=== DATA SHOWN ===

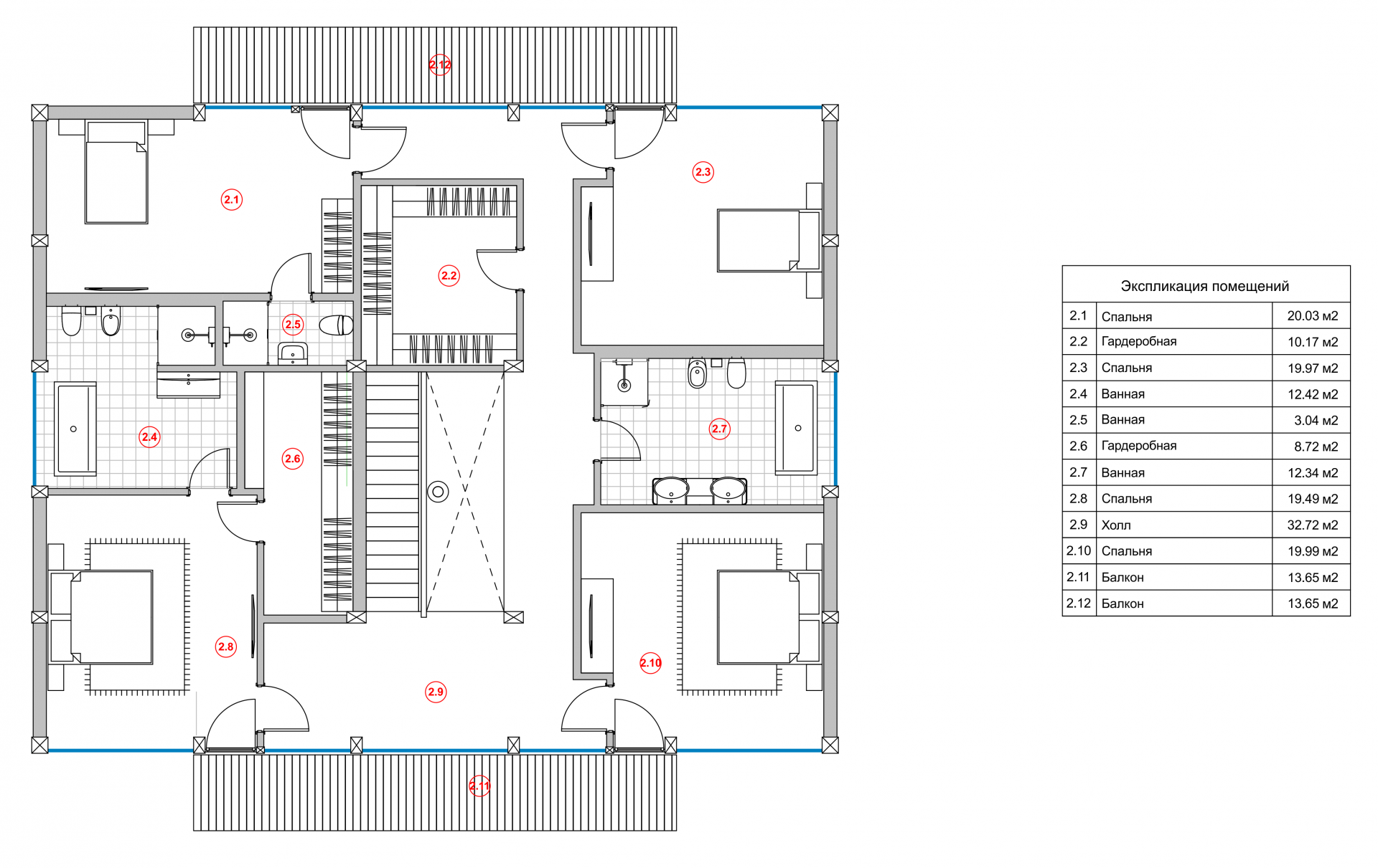 На втором этаже расположены три детские спальные комнаты, две с общим санузлом и большим гардеробом, одна с индивидуальным санузлом. Так же для комфорта владельцев дома на втором этаже предусмотрена хозяйская мастер-спальня с превосходными видовыми характеристиками, с просторной гардеробной и ванной комнатой с панорамным окном.
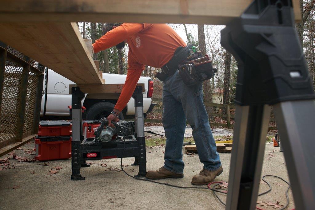 Tato přenosná koza váží pouze 7,2 kg a přitom nosnost činí 1360 kilogramů. Součástí je dřevěná vzpěra s rozměry 10 x 5 centimetrů, kterou můžete použít několika způsoby a také zásobník na nářadí s nosností 23 kg.
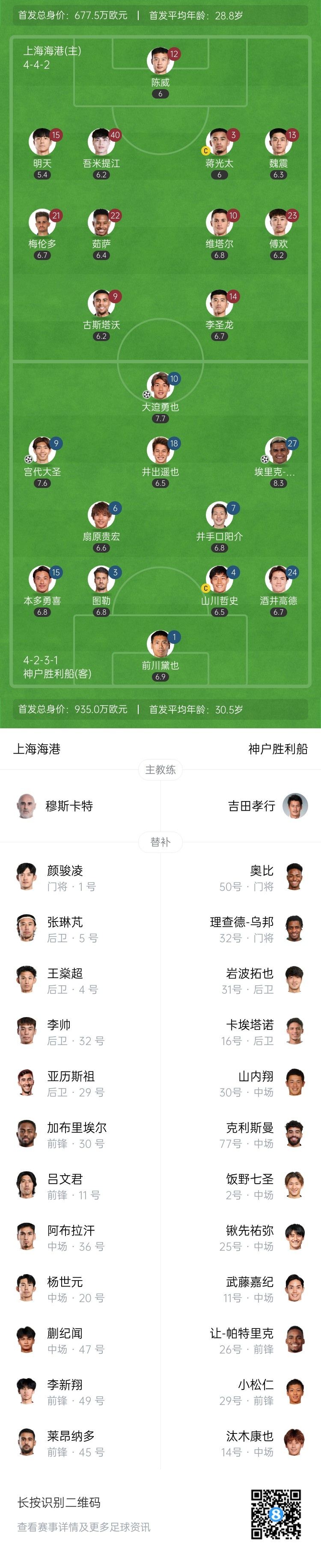 北京时间20:15,亚冠精英联赛东亚区第1轮,上海海港vs神户胜利船,比赛在上汽浦东足球场打响!上半场,埃里克-利马远射帮助神户取得领先;古斯塔沃半单刀的机会被门将扑出;李圣龙小禁区的鱼跃冲顶也被门将拒绝。半场结束前,埃里克-利马助攻宫代大圣再下一城;大迫勇也再下一城。半场结束,上海海港暂时在主场0-3落后神户胜利船。

===

__PROBLEM DESCRIPTION__
This exercise asks for an exact copy of the lines from the first one in the data through the line that contains "Tato přenosná koza", pictures excluded.

__WRITTEN ANSWER__
 На втором этаже расположены три детские спальные комнаты, две с общим санузлом и большим гардеробом, одна с индивидуальным санузлом. Так же для комфорта владельцев дома на втором этаже предусмотрена хозяйская мастер-спальня с превосходными видовыми характеристиками, с просторной гардеробной и ванной комнатой с панорамным окном.
 Tato přenosná koza váží pouze 7,2 kg a přitom nosnost činí 1360 kilogramů. Součástí je dřevěná vzpěra s rozměry 10 x 5 centimetrů, kterou můžete použít několika způsoby a také zásobník na nářadí s nosností 23 kg.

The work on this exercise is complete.